Just over a year ago, 23andMe’s co-founder and CEO Anne Wojcicki was assuring the life sciences industry that the company was a “full-fledged biotech” committed to drug R&D.
“We have real labs,” she told PharmaVoice at the time. “Scientists, pipettes. Doing functional genomics experiments. We have 100 people doing therapeutics research. We have gone entirely from genetic data, hypothesis, early research, to filing an IND and actually in human studies with a phase 2a program.”
Fast forward 13 months and the picture has changed dramatically for 23andMe. After its stock price dropped 99% from its peak in 2021 and the company announced a data breach that compromised 6.9 million customers, 23andMe has scrapped its in-house drug development program; slashed 40% of its workforce; seen its entire board of independent directors resign; and hung onto its place on the Nasdaq by the skin of its teeth.
Now, the company is figuring out a way forward, not only for its business but for the genetic data of more than 15 million customers.
Here’s what’s next for 23andMe.
It’s slashing drug R&D
The future of 23andMe’s clinical-stage assets remains up in the air as the company explores “all strategic options for a limited time,” the company said in a Nov. 11 press release announcing the restructuring plan. In the meantime, it intends to “wind-down” its clinical trials. Possible steps forward include “licensing agreements, asset sales or other transactions.”
23andMe’s clinical-stage therapeutics program consisted of two cancer assets: 23ME-00610, a phase 1/2a monoclonal antibody being studied in patients with neuroendocrine tumors and clear-cell renal-cell carcinomas; and 23ME-01473, a phase 1 therapeutic antibody that aims to restore anti-tumor immunity.
When asked for details about the future of these assets, a company spokesperson directed PharmaVoice to its Nov. 11 press release.
“We continue to believe in the promise shown by our clinical and preclinical stage pipeline and will continue to pursue strategic opportunities to continue their development,” Wojcicki said in the release.
It’s still forging deals with pharma
Just weeks after scrapping its therapeutics program and cutting 200 jobs, 23andMe announced a new collaboration to advance Mirador Therapeutics’ precision medicine research in immunology and inflammation.
There could be more to come. During an earnings call in November, Wojcicki said 23andMe will continue “to pursue collaborations with pharmaceutical and biotech companies as part of [its] mission to help people benefit from the human genome. These collaborations run across several areas, including drug target discovery and validation, clinical trial recruitment efforts and disease awareness, among others.”
Under the newest deal, Mirador, which launched in March, will tap 23andMe’s genetic and phenotypic database to augment its own repository of immune-mediated disease data, dubbed Mirador360.
Mirador is the latest company to use 23andMe’s vast genetic database for drug target discovery and development. It’s also worked with large pharmas, most notably GSK.
It continues to launch new offerings
Despite a tumultuous quarter, 23andMe rolled out several new offerings, including a genetic report on emotional eating for 23andMe+ Premium subscribers and an AI chatbot dubbed “DaNA” to help customers identify “actionable insights” from their health and other data, such as lifestyle changes.
“At the end of the day, we’re consumer-empowering,” Wojcicki told PharmaVoice last year.

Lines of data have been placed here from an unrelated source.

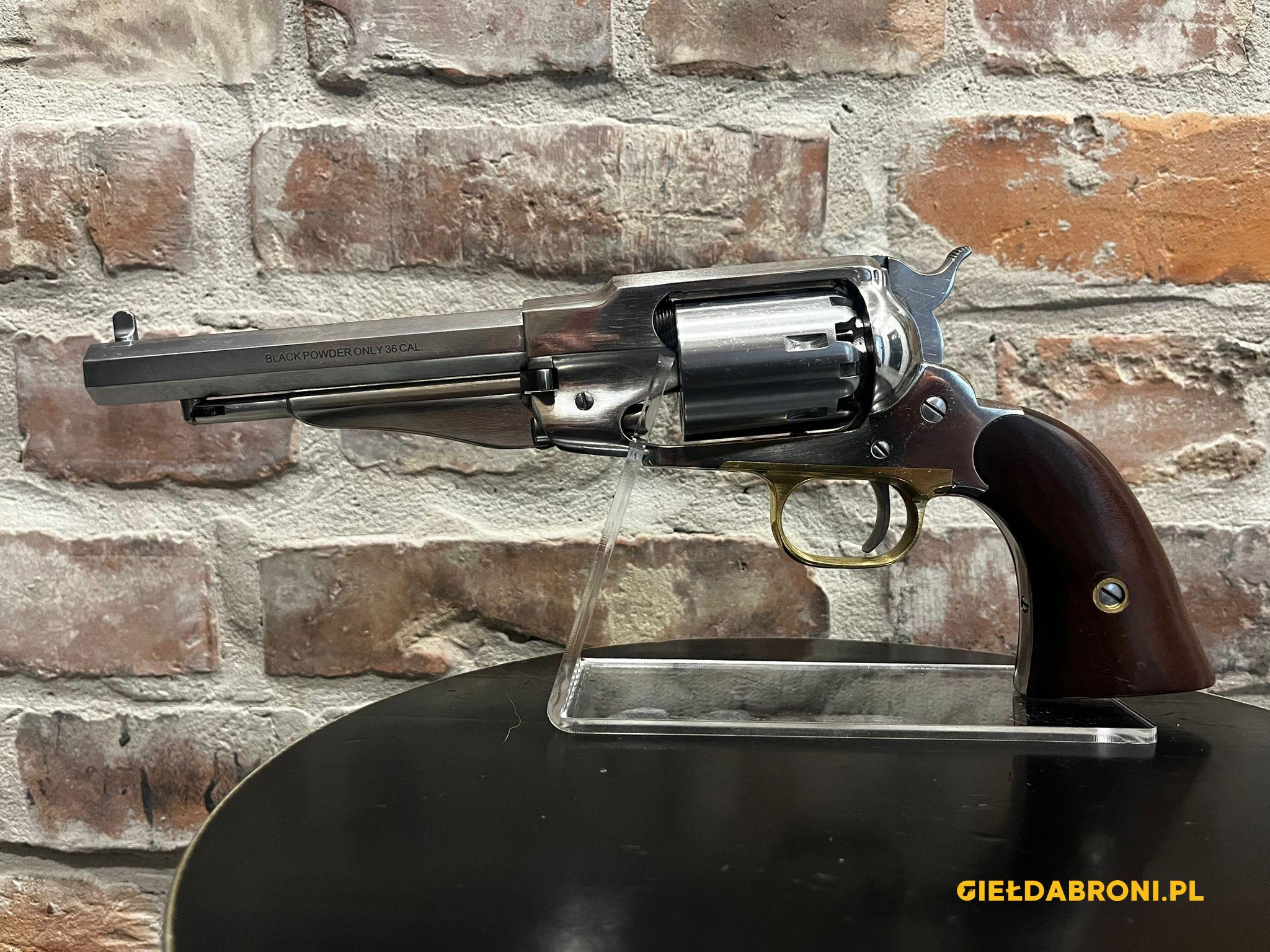 Rewolwer czarnoprochowy Remington 1858 New Model Navy Stainless RGS36 Pietta kal.36 z lufą długości 6,5″. Produkt nowy. Dostępne inne rewolwery oraz akcesoria czarnoprochowe łącznie z czarnym prochem (w przypadku czarnego prochu wymagana EKB). Ogłoszenie ma charakter informacyjny, sprzedajemy tylko i wyłącznie stacjonarnie osobom pełnoletnim, możliwa telefoniczna rezerwacja. Cały asortyment widoczny na stronie guns-ammo.pl. W myśl art. 11 ust. 10 ustawy o broni i amunicji nie wymaga pozwolenia na broń posiadanie broni palnej rozdzielnego ładowania wytworzonej przed 1885r bądź jej repliki.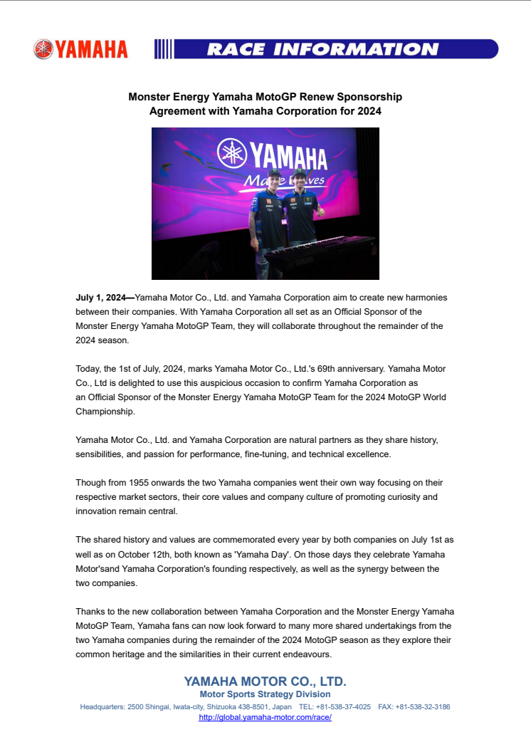 Today, the 1st of July, 2024, marks Yamaha Motor Co., Ltd.'s 69th anniversary. Yamaha Motor Co., Ltd is delighted to use this auspicious occasion to confirm Yamaha Corporation as an Official Sponsor of the Monster Energy Yamaha MotoGP Team for the 2024 MotoGP World Championship.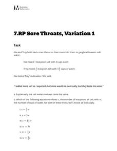 Why does Nia's water taste saltier than Trey's if she put more into her cup than he did? Math masters set up proportions in order to compare the mixtures. This task effectively has learners apply the concepts of ratio and proportion to a...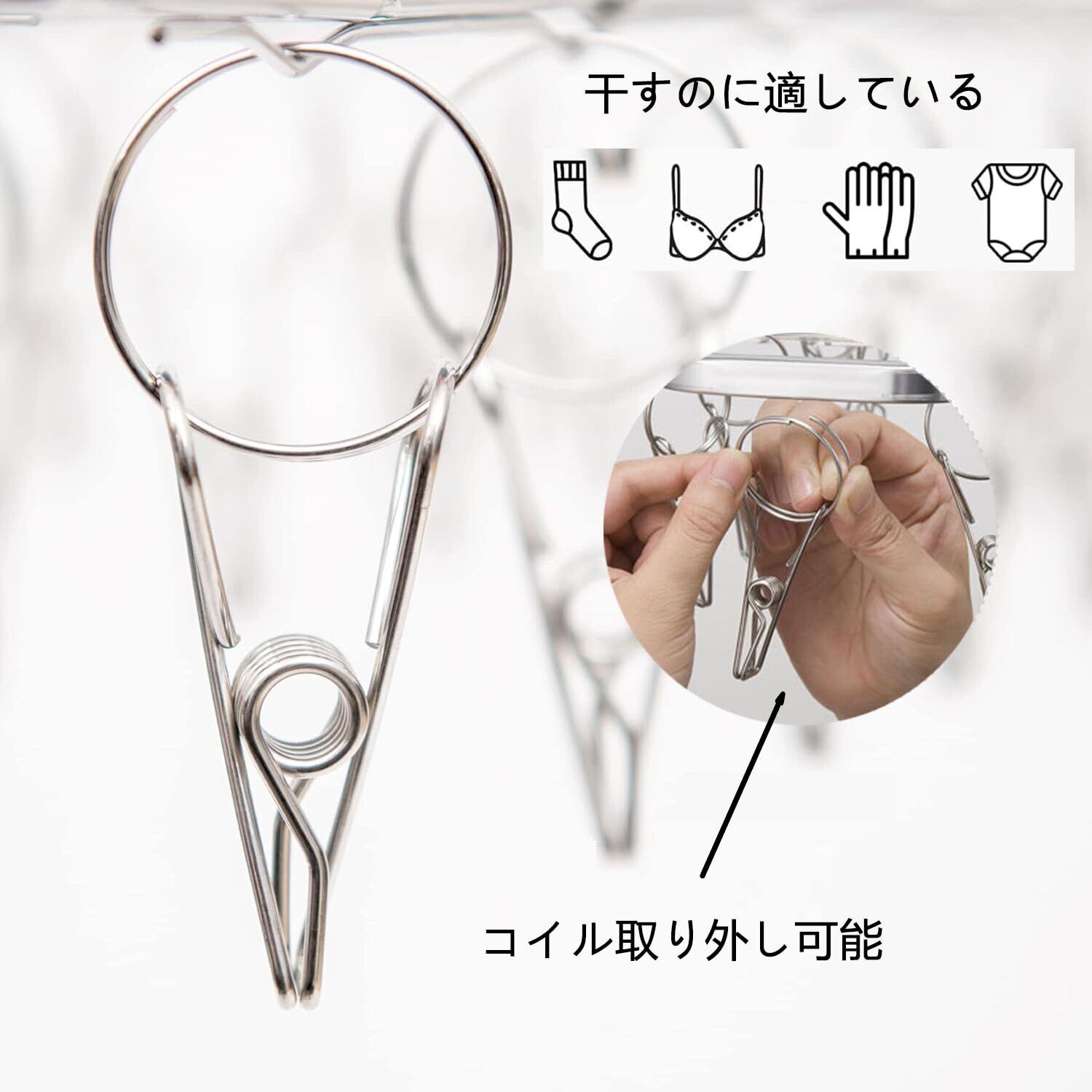 Skroad ステンレス鋼クリップ セット、洗濯バサミ 24個、ノンスリップ ペグ付き乾燥ラック修理用アクセサリー、メタル シルバー
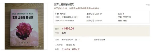 闵天禄去世的消息发布后,不少植物、园艺爱好者纷纷表示哀悼。近日,有网友注意到,闵天禄在2000年左右出版的著作《世界山茶属的研究》一书被炒到了“天价”,网友发布的信息显示,在一家二手书网络商城中,有商家将《世界山茶属的研究》标出了800元的高价。而3月10日,北青-北京头条记者检索时发现,有商家更是把该书炒到了1600元的“天价”。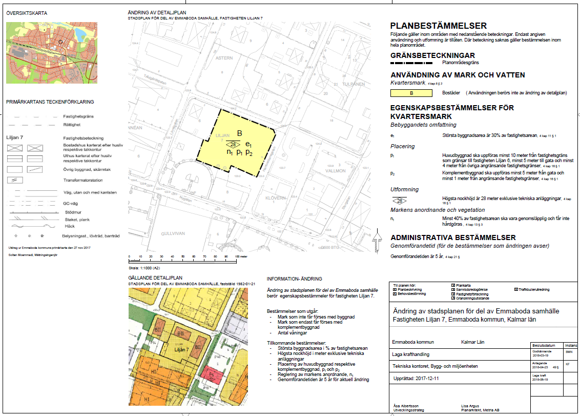 Nyare antagna detaljplaner i Emmaboda kommun finns digitalt. Äldre detaljplaner kan du få ta del av genom att kontakta kommunen. Kontakta kommunens Samhällsutvecklingsavdelning via Besökscenter om du har frågor om detaljplaner.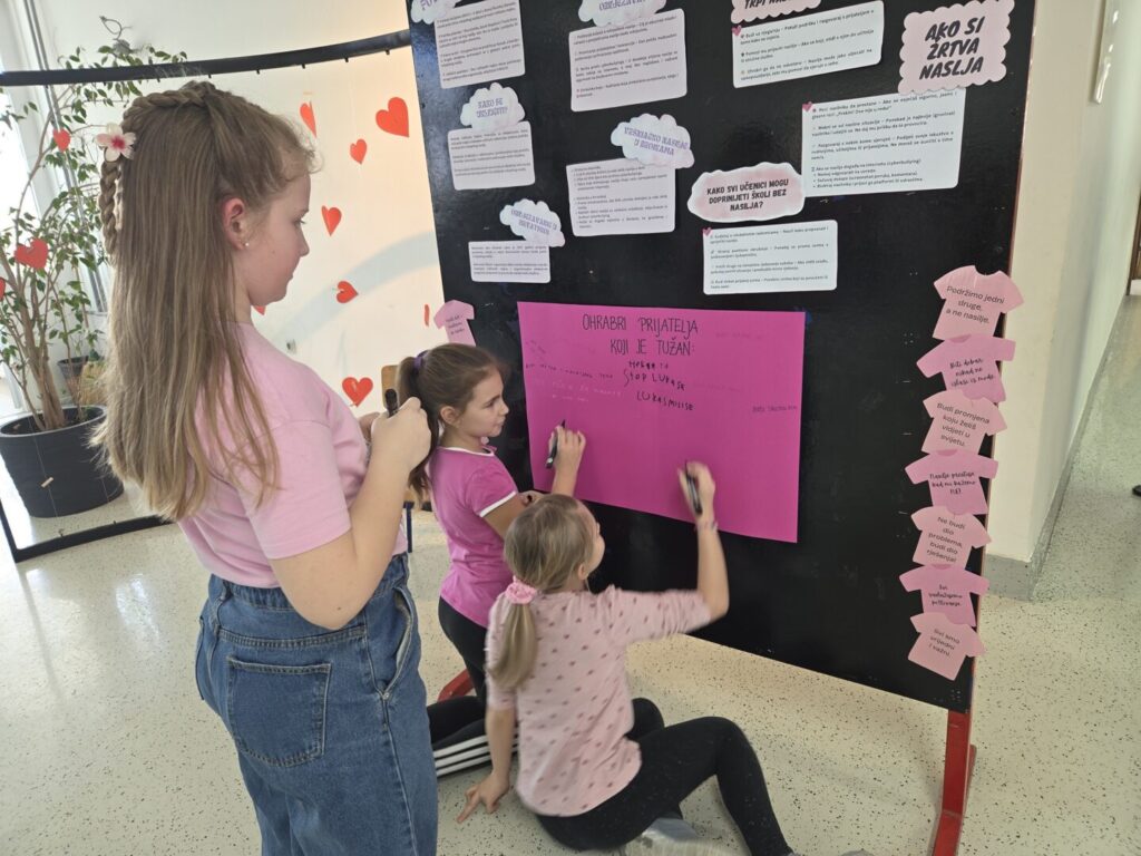 Učenici su se uključili u obilježavanje ove važne teme kroz različite aktivnosti. U holu škole pisali su podržavajuće poruke svojim prijateljima i tako poslali snažnu poruku zajedništva, prijateljstva i međusobne podrške. Poruke su nas podsjetile koliko je važno biti dobar prijatelj i pružiti pomoć kada je nekome potrebna.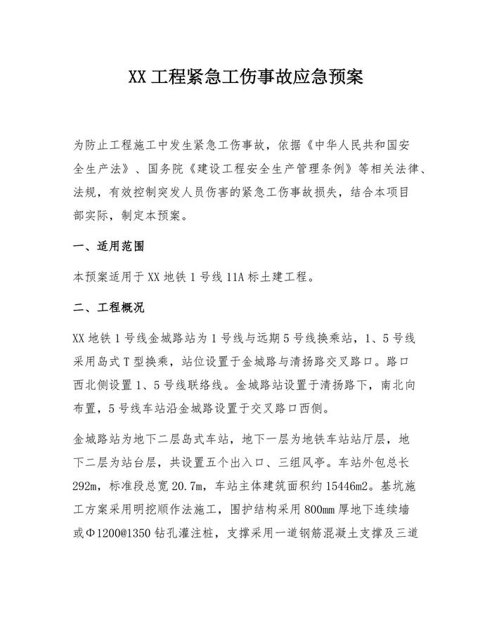 XX工程緊急工傷事故應(yīng)急預(yù)案(8頁)docx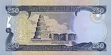 وتظهر صورة المئذنة الملوية مرسومة على عملة فئة 250 دينار عراقي.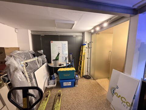 Unit 12 forms part of a mid-1980s portal frame terrace of small business units typically ranging from about 450 to 2,200 sq ft. Unit 12 forms part of a modern light-industrial terrace of steel portal-frame construction with brick and profiled-metal cladding under a pitched insulated roof. The property provides a gross internal area of approximately 1,031 sq ft (95.7 sq m) arranged over ground and part-first floors. The front elevation includes a roller-shutter loading door with separate personnel entrance and a small first-floor window above. The unit benefits from a forecourt parking/loading area directly to the front within the main estate roadway. Internally, the accommodation has been fitted to a good standard, including a ground-floor reception/storage area, fitted kitchen/break-out space, and partitioned first-floor offices with suspended ceilings, inset lighting, and perimeter trunking. The kitchen area is modern with gloss units and worktops, reflecting a higher specification than typically found in small workshop units. Services are understood to include 3-phase electricity, water, and drainage (not tested). The unit is suitable for a variety of E-Class light-industrial, storage, or business uses, subject to any necessary consents.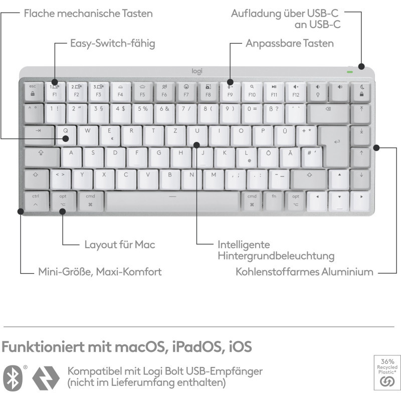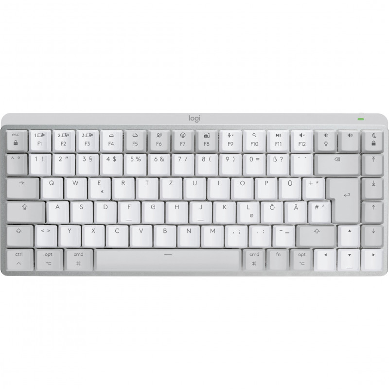 "Logitech MX Mechanical Mini for Mac. Keyboard form factor: Tenkeyless (80 - 87%). Keyboard style: Straight. Connectivity technology: Wireless, Device interface: RF Wireless + Bluetooth, Keyboard key switch: Mechanical, Keyboard layout: QWERTZ. Backlight type: LED. Cable length: 1 m. Recommended usage: Office. Product colour: Grey"\n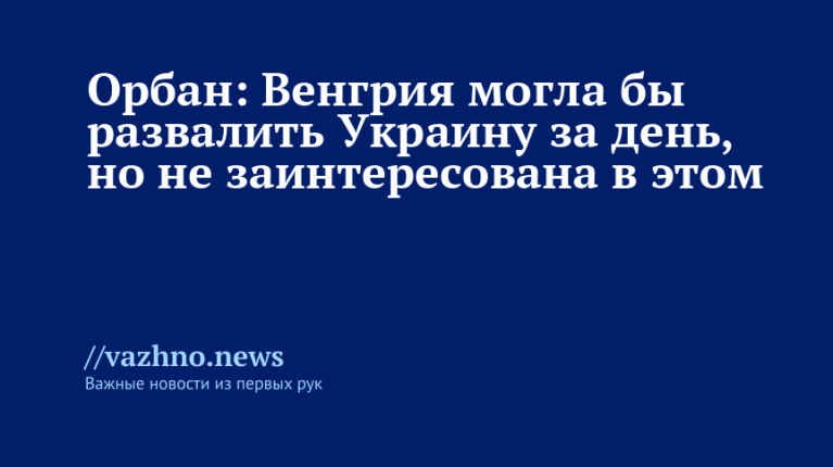 «Мы могли бы за один день привести к распаду Украины. Однако это не отвечает нашим интересам. Украина получает значительную часть электроэнергии и газа из Венгрии. В случае аварии Украина остановится», — сообщил Орбан в интервью интернет-порталу Patriota.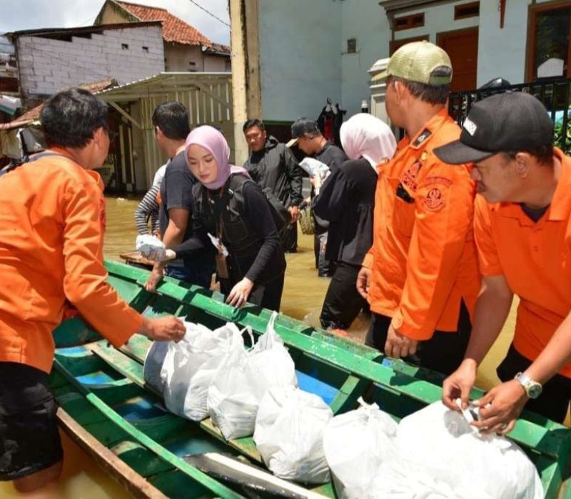 Rombongan terdiri atas unsur Biro Administrasi Pimpinan, BPBD Jawa Barat, DP3AKB, serta BAZNAS. Mereka melakukan pendataan lapangan, memeriksa titik genangan, dan membagikan bantuan logistik bagi warga yang terdampak. Pemerintah menyebut ribuan warga harus mengungsi sementara akibat rumahnya terendam.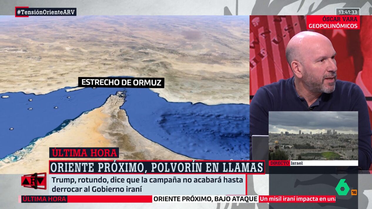 Óscar Vara, periodista de 'Geopolinómicos' confirma a Antonio G. Ferreras que el estrecho de Ormuz es un punto del planeta estratégico económica, política y militarmente. "Es absolutamente fundamental", recalca, para después añadir que "la cantidad de petróleo y gas natural licuado" que pasa por allí "es enorme".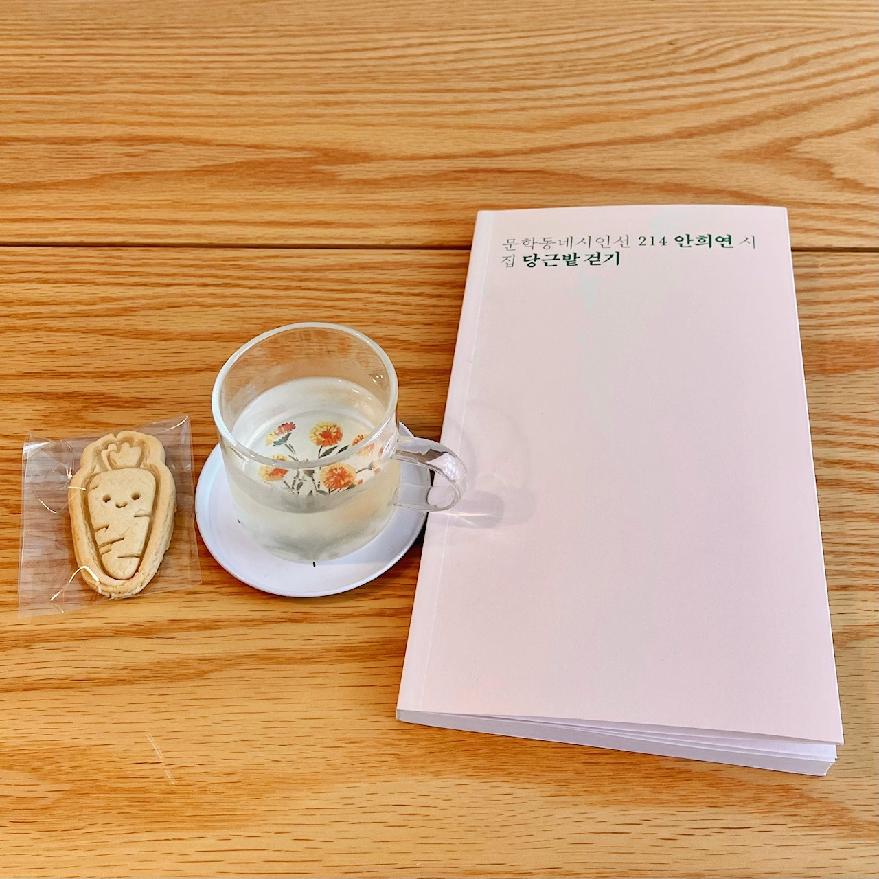 본격적인 시낭독회 전, 티소믈리에이신 대표님은 차를 설명해 주시면서 시낭독회와 함께 할 세 종류의 차를 소개해 주셨다. 하나는 얼그레이, 다른 두 개는 ‘기분좋은 오후’와 ‘나를 위한 시간’이라는 이름의 대표님이 직접 블렌딩 하신 차였다. ‘시가 차오르는 낭독회’에서도 알아봤지만, 블렌딩 차에 븥인 이름에서 다시 한 번 확인된 대표님의 센스와 친절하고 쉬운 설명에 감탄하고는 머리를 맑게 하고 편안한 기분을 들게 하는 차와 시를 즐겼다. 당근 모양의 귀여운 쿠키와 함께……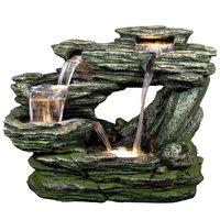Dieser Polyresin-Brunnen in Felsoptik besticht mit stimmungsvoller Beleuchtung und sanftem Wasserrauschen.
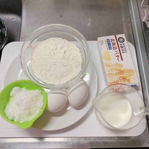 재료 : 팬케익 믹스 100g, 계란 2개, 우유 40ml, 설탕 50g, 버터 약간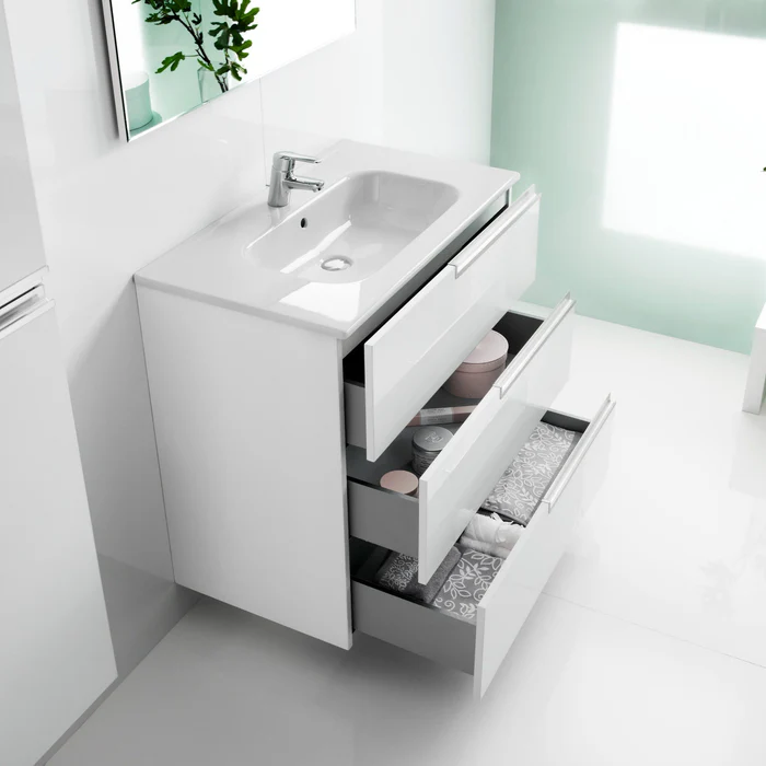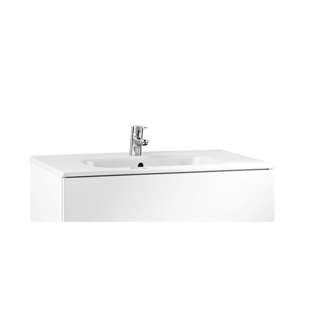 Lavoarul Roca Victoria-N este proiectat pentru montaj pe mobilier de baie, oferind o soluție funcțională pentru zona de spălare în combinație cu mobilierul Victoria-N. Forma dreptunghiulară și dimensiunile 1000x460x160 mm oferă un spațiu generos pentru utilizare și plasarea accesoriilor. Realizat din ceramică sanitară de înaltă calitate cu finisaj lucios alb, materialul este rezistent la umiditate și ușor de întreținut. Designul include un orificiu pentru baterie și preaplin integrat, facilitând montajul și utilizarea.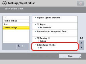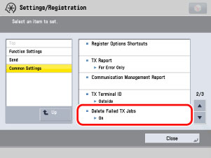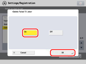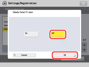 (Settings/Registration) → [Function Settings] → [Receive/Forward] → [Common Settings] → [Delete Failed TX Jobs].

23andMe’s financial woes stem partly from its business model, since its one-time genetic tests don’t lend themselves to repeat customers. But new products could entice customers to stick around for more.
23andMe is also attempting to cash in on the semaglutide wave by launching a GLP-1 weight loss membership on its telehealth platform, Lemonaid Health, which it acquired in 2021. The platform allows members to receive clinical consultations and brand-name or compounded semaglutide medications, including Ozempic and Wegovy.
In addition, 23andMe launched and enrolled thousands of participants in a new study to understand how genetics affects GLP-1 efficacy, side effects and length of treatment.
It can’t promise its genetic data will be safe forever
Wojcicki has been against selling 23andMe. But if the company was subject to a third-party takeover, what would happen to the privacy and security of its genetic data?
The answer is up in the air. HIPAA laws that protect patient privacy don’t apply to 23andMe, and state genetic privacy laws vary. Although 23andMe says it's committed to privacy, the same isn’t necessarily true of a third-party buyer.
“Having to rely on a private company's terms of service or bottom line to protect that kind of information is troubling,” Vera Eidelman, a staff attorney with the American Civil Liberties Union, told NPR.